--- Stored data Enclosed Below ---

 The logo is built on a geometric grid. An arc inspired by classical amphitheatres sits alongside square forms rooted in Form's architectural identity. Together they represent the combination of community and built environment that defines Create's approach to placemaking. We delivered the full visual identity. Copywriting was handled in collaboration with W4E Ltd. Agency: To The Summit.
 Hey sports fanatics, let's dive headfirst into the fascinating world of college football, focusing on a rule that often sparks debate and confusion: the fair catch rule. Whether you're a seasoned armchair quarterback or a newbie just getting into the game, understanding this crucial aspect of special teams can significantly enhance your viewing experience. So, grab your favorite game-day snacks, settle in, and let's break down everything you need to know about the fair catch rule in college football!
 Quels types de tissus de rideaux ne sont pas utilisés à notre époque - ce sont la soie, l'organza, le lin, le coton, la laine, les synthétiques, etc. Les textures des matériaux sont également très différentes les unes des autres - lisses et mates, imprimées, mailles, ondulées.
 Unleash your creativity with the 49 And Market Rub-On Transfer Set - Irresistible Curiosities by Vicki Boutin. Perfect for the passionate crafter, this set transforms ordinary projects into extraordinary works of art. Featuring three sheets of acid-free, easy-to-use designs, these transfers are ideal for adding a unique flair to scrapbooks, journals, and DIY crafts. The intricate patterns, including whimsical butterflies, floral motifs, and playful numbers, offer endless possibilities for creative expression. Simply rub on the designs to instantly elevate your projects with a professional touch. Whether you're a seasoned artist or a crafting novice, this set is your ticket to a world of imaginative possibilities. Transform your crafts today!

--- End of Enclosed Stored data ---
--- Stored data Enclosed Below ---

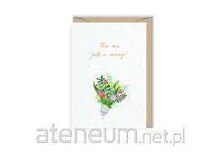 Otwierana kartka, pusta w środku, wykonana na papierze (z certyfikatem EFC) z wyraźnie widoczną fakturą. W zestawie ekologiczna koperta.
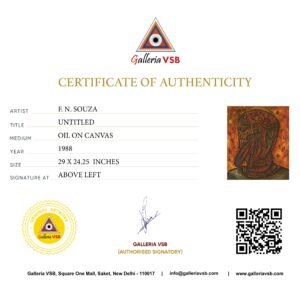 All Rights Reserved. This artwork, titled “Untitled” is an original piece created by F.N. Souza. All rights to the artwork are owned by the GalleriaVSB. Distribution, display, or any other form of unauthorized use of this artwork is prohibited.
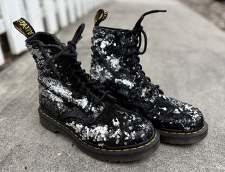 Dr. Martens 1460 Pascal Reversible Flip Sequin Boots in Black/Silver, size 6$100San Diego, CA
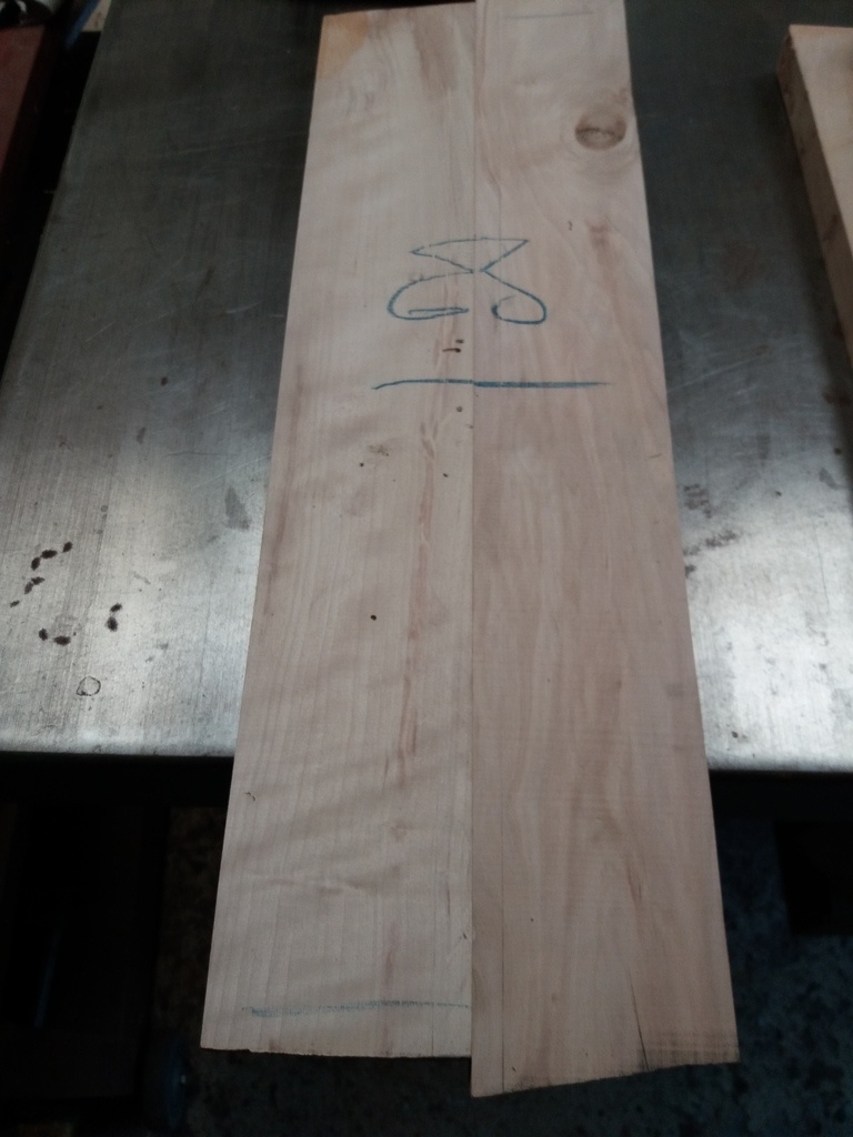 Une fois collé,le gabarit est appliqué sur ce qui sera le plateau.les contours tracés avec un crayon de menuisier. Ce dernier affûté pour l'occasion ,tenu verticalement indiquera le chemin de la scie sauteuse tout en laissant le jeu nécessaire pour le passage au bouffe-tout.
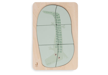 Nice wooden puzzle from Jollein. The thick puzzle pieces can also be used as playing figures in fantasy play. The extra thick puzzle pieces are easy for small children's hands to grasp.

--- End of Enclosed Stored data ---
--- Stored data Enclosed Below ---

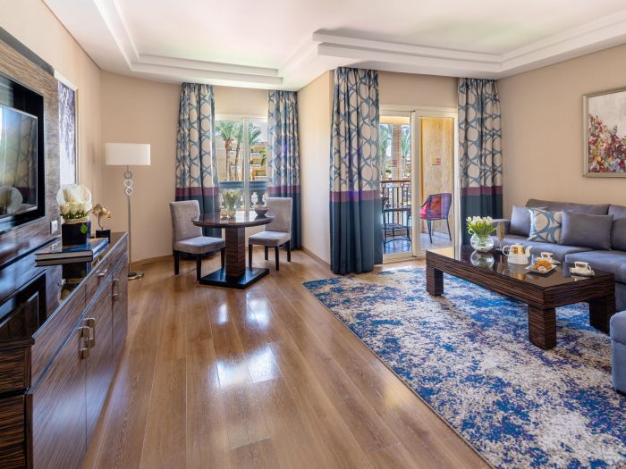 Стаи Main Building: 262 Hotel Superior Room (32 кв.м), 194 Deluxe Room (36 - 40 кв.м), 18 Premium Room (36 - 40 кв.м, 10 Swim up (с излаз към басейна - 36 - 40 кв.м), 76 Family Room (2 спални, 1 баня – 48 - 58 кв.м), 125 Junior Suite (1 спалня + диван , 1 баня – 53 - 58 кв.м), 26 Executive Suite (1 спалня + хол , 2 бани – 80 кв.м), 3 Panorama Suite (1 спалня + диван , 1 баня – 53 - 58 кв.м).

--- End of Enclosed Stored data ---

Pictures are to be left out. Write out only the lines above starting at the one with "Une fois collé,le" and ending at the one with "Nice wooden puzzle", both lines included, exactly.

§ Exercise response:
 Une fois collé,le gabarit est appliqué sur ce qui sera le plateau.les contours tracés avec un crayon de menuisier. Ce dernier affûté pour l'occasion ,tenu verticalement indiquera le chemin de la scie sauteuse tout en laissant le jeu nécessaire pour le passage au bouffe-tout.
 Nice wooden puzzle from Jollein. The thick puzzle pieces can also be used as playing figures in fantasy play. The extra thick puzzle pieces are easy for small children's hands to grasp.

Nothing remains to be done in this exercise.